Consumer prices rose 1.83 percent in February from a year earlier, the slowest pace since the government of dictator General Gustavo Rojas Pinilla in 1955, as food, clothing and entertainment costs fell. The median estimate of 23 analysts surveyed by Bloomberg was for inflation of 1.89 percent. Prices rose 0.44 percent from a month earlier.
“We’re not worried about inflation,” Cardenas said. “We can put our eyes now on the business cycle, and we can focus on monetary policy as an instrument to achieve potential growth.”
Colombia has cut its policy rate six times since June to 3.75 percent, the lowest among major Latin American economies, citing below-potential growth and slowing inflation. The central bank wants to get inflation back up to the midpoint of its target range over a “prudent” period of time, bank Governor Jose Dario Uribe said in a March 1 interview.
The central bank targets inflation of 3 percent, plus or minus one percentage point.
The economy expanded 2.1 percent in the third quarter from a year earlier, the slowest pace in the Andean region. Banco de la Republica estimates the economy grew 3.3 percent to 3.9 percent last year, compared with 5.9 percent in 2011. Gross domestic product will increase 2.5 percent to 4.5 percent in 2013, according to the bank.
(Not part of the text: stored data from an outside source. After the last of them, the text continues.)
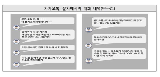 경기 의정부경찰서 소속 경위 정모씨가 피의자 김모씨와 나눈 대화 내역. 서울중앙지검 제공 |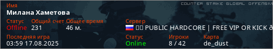 Играет на Counter Strike Global Offensive сервере. Страна: РоссияПервый раз замечен 19:30 22.06.2025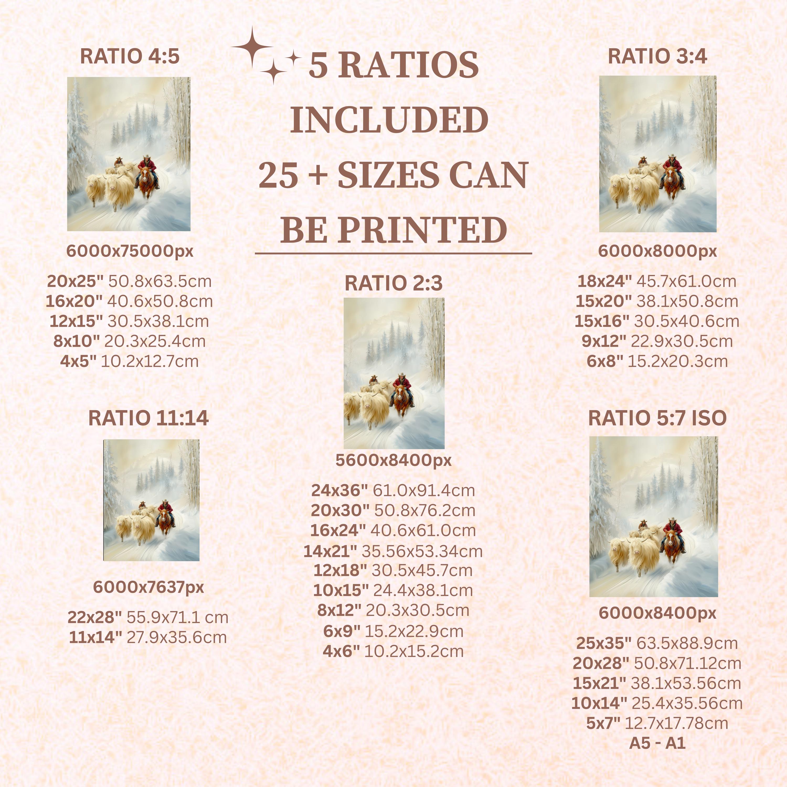 Each artwork includes 5 aspect ratios with 25+ print sizes. Most standard frames are covered. One custom resize per purchase available—message before ordering.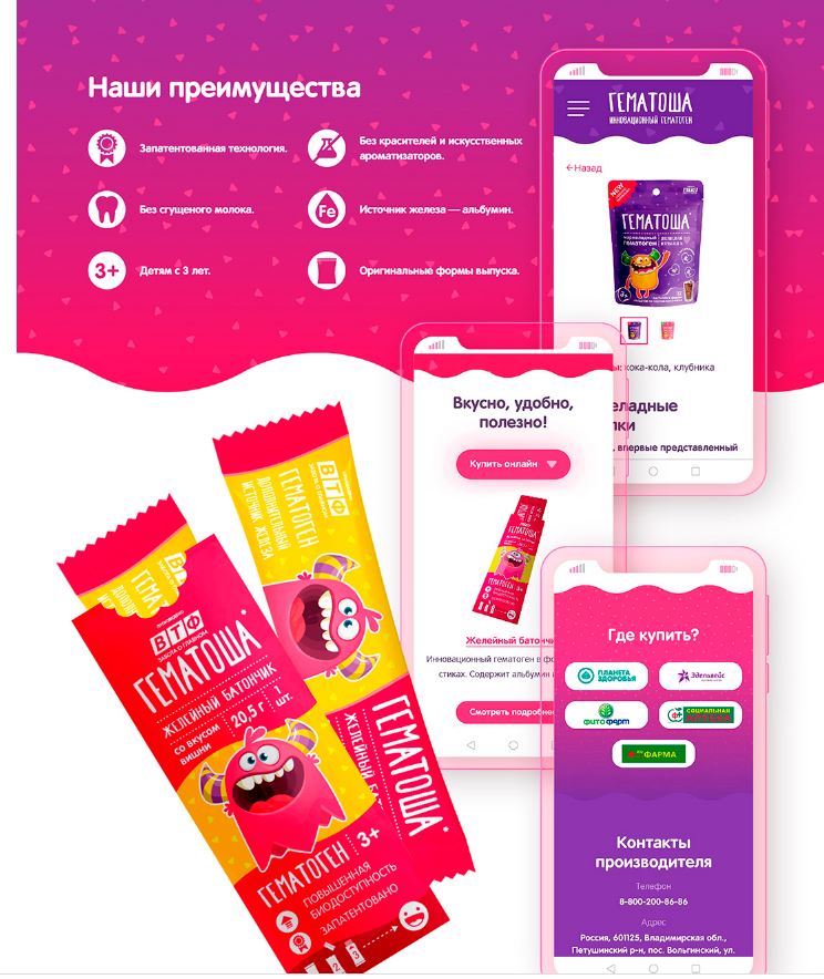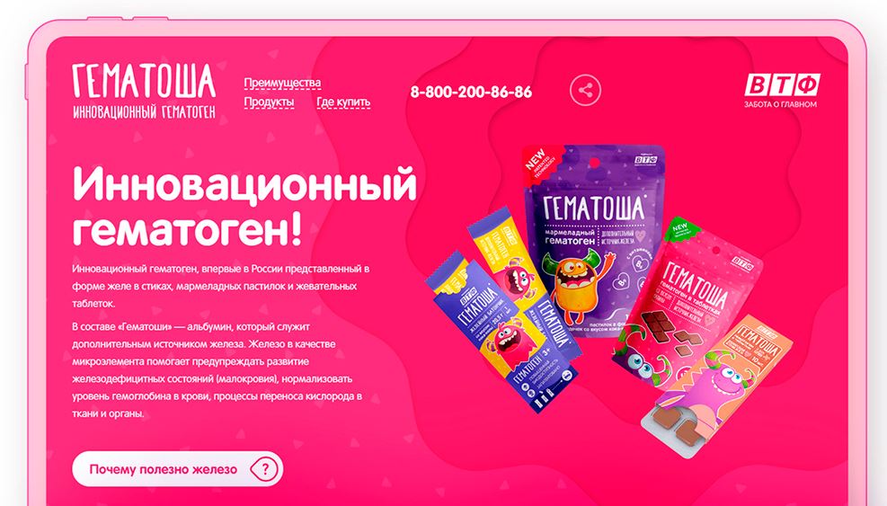 Создание адаптивного промо-сайта для уникального гематогена, выпускаемого ООО «ВТФ», впервые в России представленного в форме желе в стиках, мармеладных пастилок и жевательных таблеток.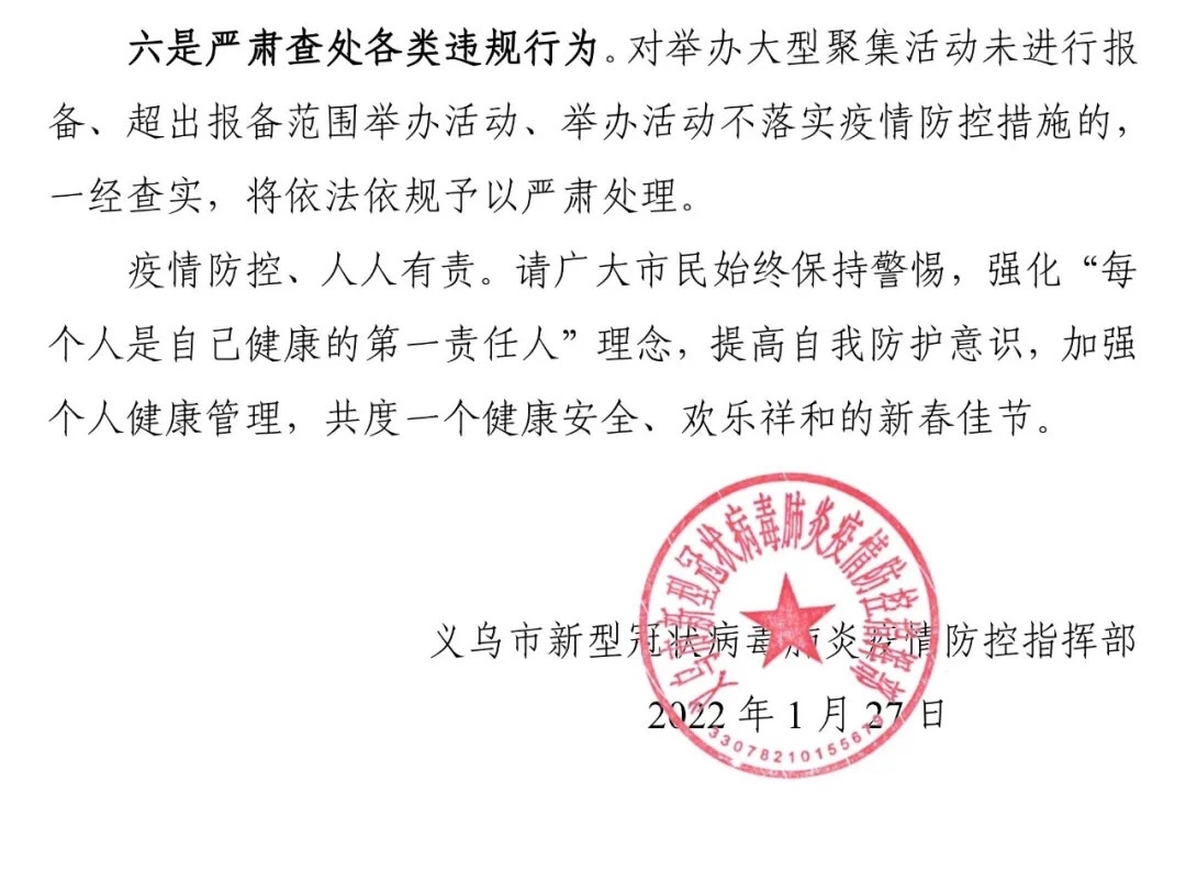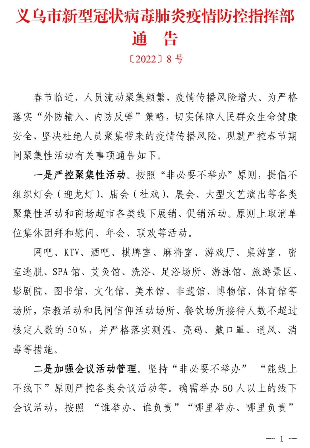 〔2022〕8号  义乌市新型冠状病毒肺炎疫情防控指挥部通告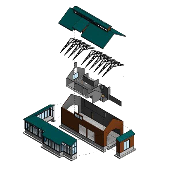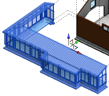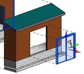 변위 세트는 하나 또는 여러 요소로 구성될 수 있고 한 세트의 끌기 컨트롤을 사용하여 뷰에 배치합니다. 다음 이미지의 변위 세트에는 여러 요소(구조 기초, 기본 지붕, 커튼월: 점두, 그리드 및 시스템 패널: 유리 패널)가 포함되어 있습니다.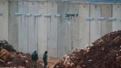 جنود اسرائيليون امام جدار شيد على الحدود مع لبنان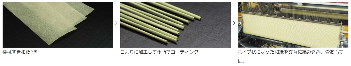 樹脂でコーティングして交互に編み込んで畳おもてにしています。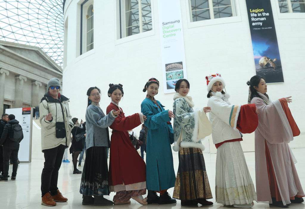 当日,汉服爱好者身着汉服来到英国伦敦的泰晤士河畔和大英博物馆,向当地民众和游客介绍中国春节,宣传中华传统文化。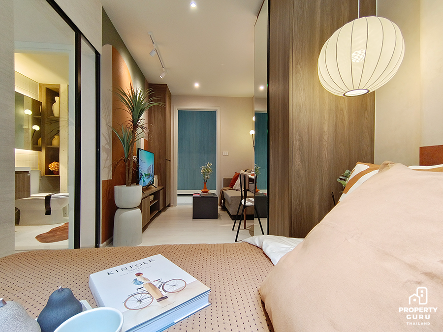 Studio 22.70-23.25 ตร.ม. ห้องมีความลึก 5 เมตร เพดานสูง 2.45 เมตร ฟังก์ชันครัวปิดประตูบานสไลด์ ได้เฟอร์นิเจอร์ครบ พร้อมเครื่องปรับอากาศ 1 เครื่อง
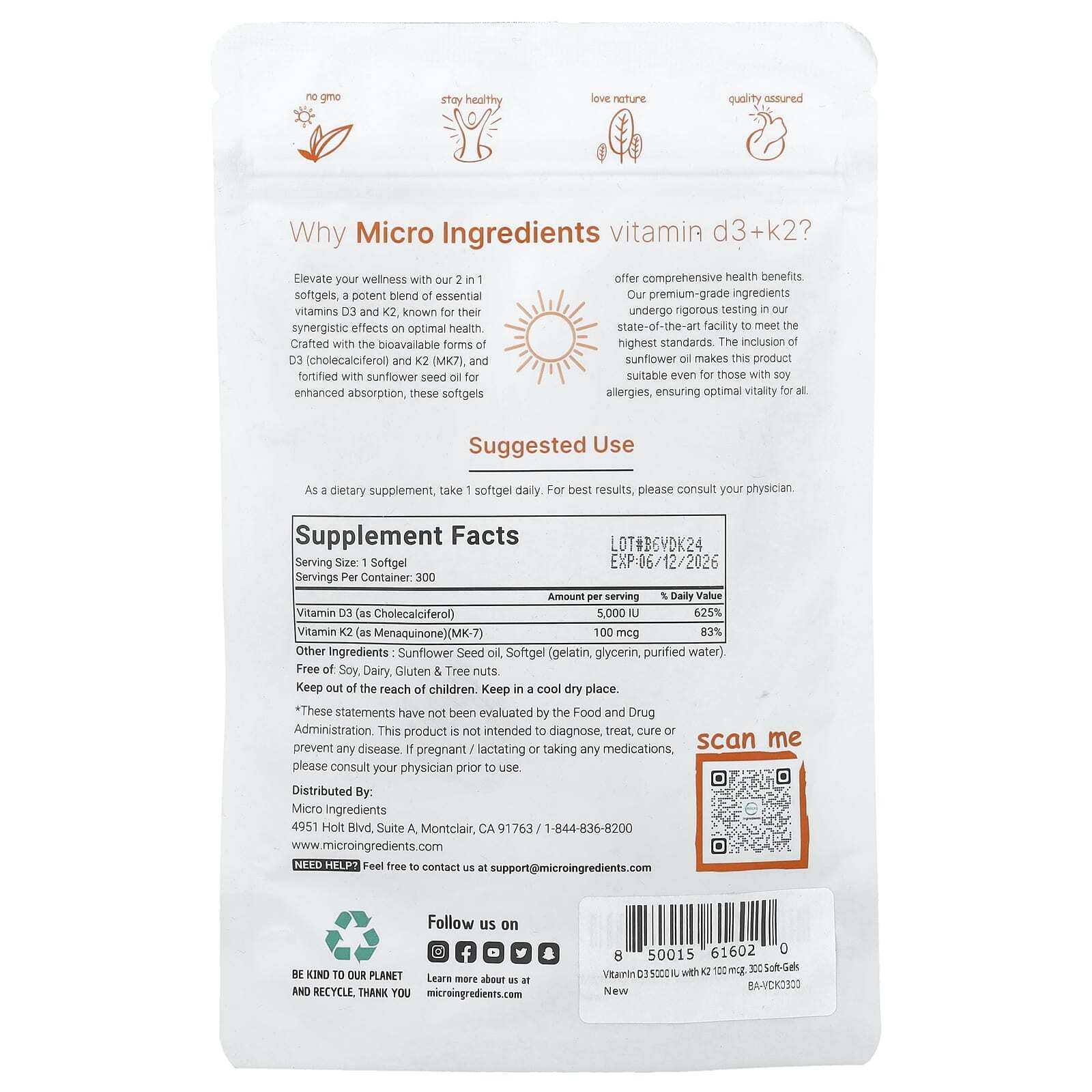 Наша формула, витамины d3 и k2 с подсолнечным маслом первого отжима, была создана с учетом потребления кальция, чтобы поддерживать здоровье костей и артерий.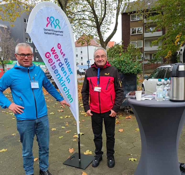 Zuletzt am 10. April boten Dragi Goldemund, Nurettin Berber und Hans-Peter Back nicht nur Informationsmaterial zu ihren Angeboten als Nachbarschaftsstifter:innen, sondern auch eine warme Tasse Kaffee oder Tee an. In entspannter Atmosphäre konnten die Besucher:innen bei einem Heißgetränk ihre Anliegen schildern, Fragen stellen oder einfach nur ein nettes Gespräch führen.

Cardenas, who traveled to Caracas yesterday hours before Venezuela announced the death of President Hugo Chavez, said policy makers will carefully monitor developments in their neighbor, which is the biggest importer of Colombian manufactures.
The central bank’s policy committee, which Cardenas chairs, cited “the risk of lower demand from Venezuela,” in the statement explaining their rate cut last month.
Yields on peso bonds due in 2024 have fallen 2.05 percentage point since June, to 4.962 percent, as growth and inflation slowed, and the government cut taxes on foreigners’ profits on local bonds.
The peso has weakened 2.5 percent this year, to 1809.75 per U.S. dollar, the biggest fall among major Latin American currencies after the Venezuelan bolivar.